(Assignment) Below are the records; give again exactly the lines from the one containing "Koko 92 x 168" through the one containing "încălzire, parcare |", leaving out pictures.

(Records for the task)
= Beginning of Section =

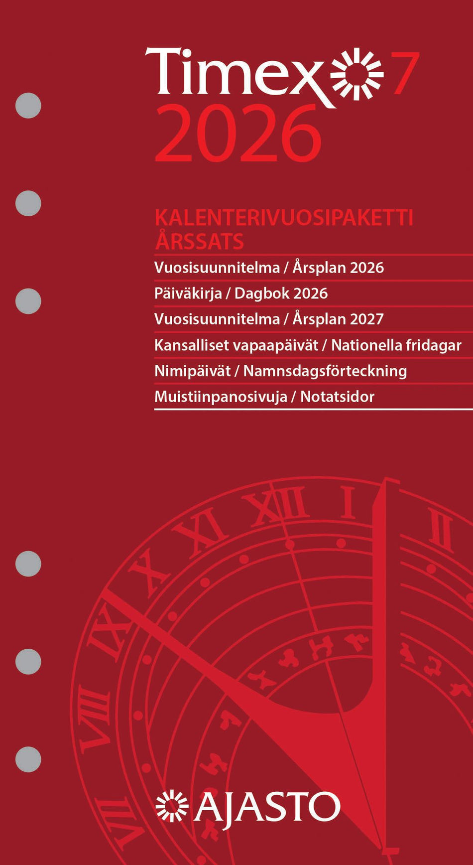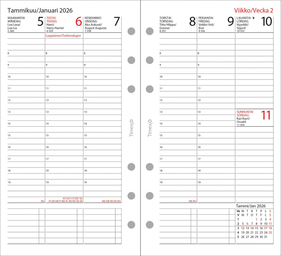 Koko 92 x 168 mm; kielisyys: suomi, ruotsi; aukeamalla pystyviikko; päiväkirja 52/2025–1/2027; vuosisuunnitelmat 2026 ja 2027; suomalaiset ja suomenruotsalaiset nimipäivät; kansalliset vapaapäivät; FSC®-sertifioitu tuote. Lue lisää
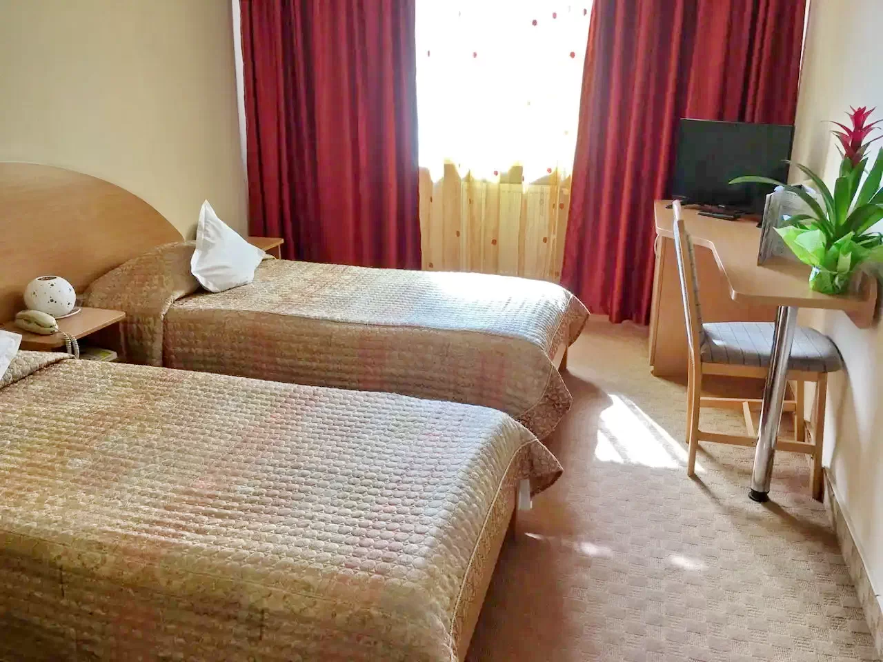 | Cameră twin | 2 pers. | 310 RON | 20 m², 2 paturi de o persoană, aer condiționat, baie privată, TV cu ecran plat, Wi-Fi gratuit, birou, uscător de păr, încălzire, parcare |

= End of Section =
= Beginning of Section =

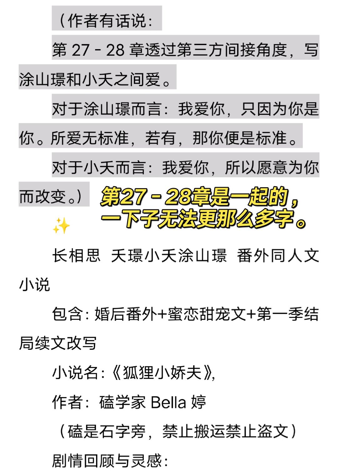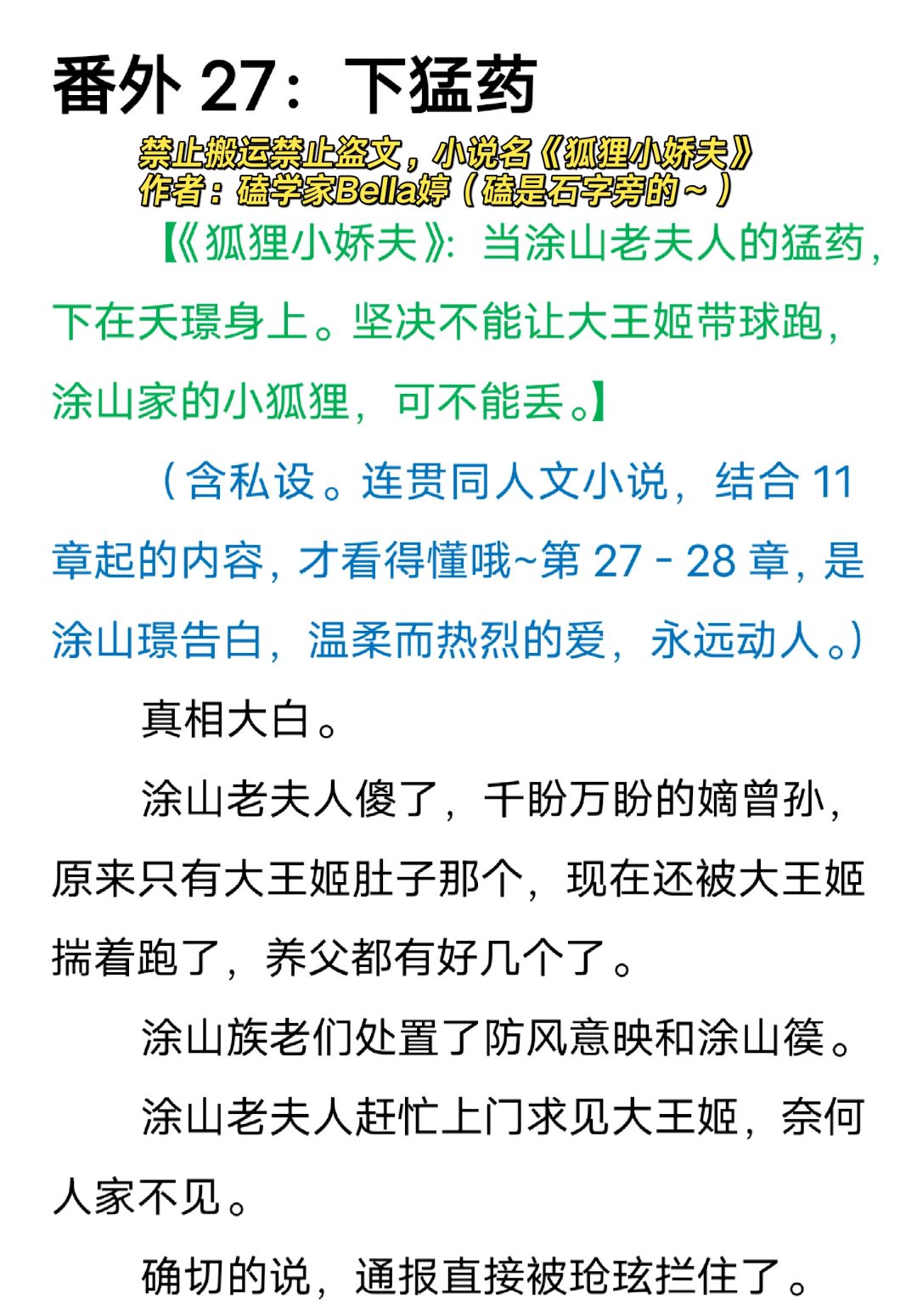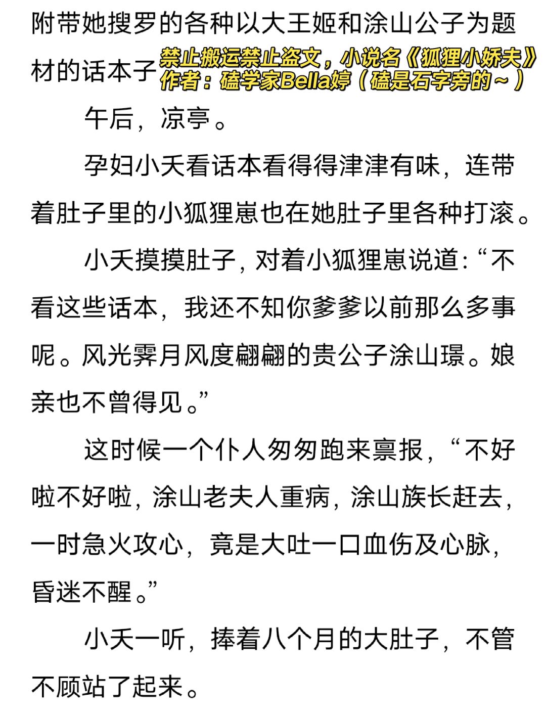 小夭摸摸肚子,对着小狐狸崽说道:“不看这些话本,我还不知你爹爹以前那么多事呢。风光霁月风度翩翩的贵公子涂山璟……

= End of Section =

(Task output)
 Koko 92 x 168 mm; kielisyys: suomi, ruotsi; aukeamalla pystyviikko; päiväkirja 52/2025–1/2027; vuosisuunnitelmat 2026 ja 2027; suomalaiset ja suomenruotsalaiset nimipäivät; kansalliset vapaapäivät; FSC®-sertifioitu tuote. Lue lisää
 | Cameră twin | 2 pers. | 310 RON | 20 m², 2 paturi de o persoană, aer condiționat, baie privată, TV cu ecran plat, Wi-Fi gratuit, birou, uscător de păr, încălzire, parcare |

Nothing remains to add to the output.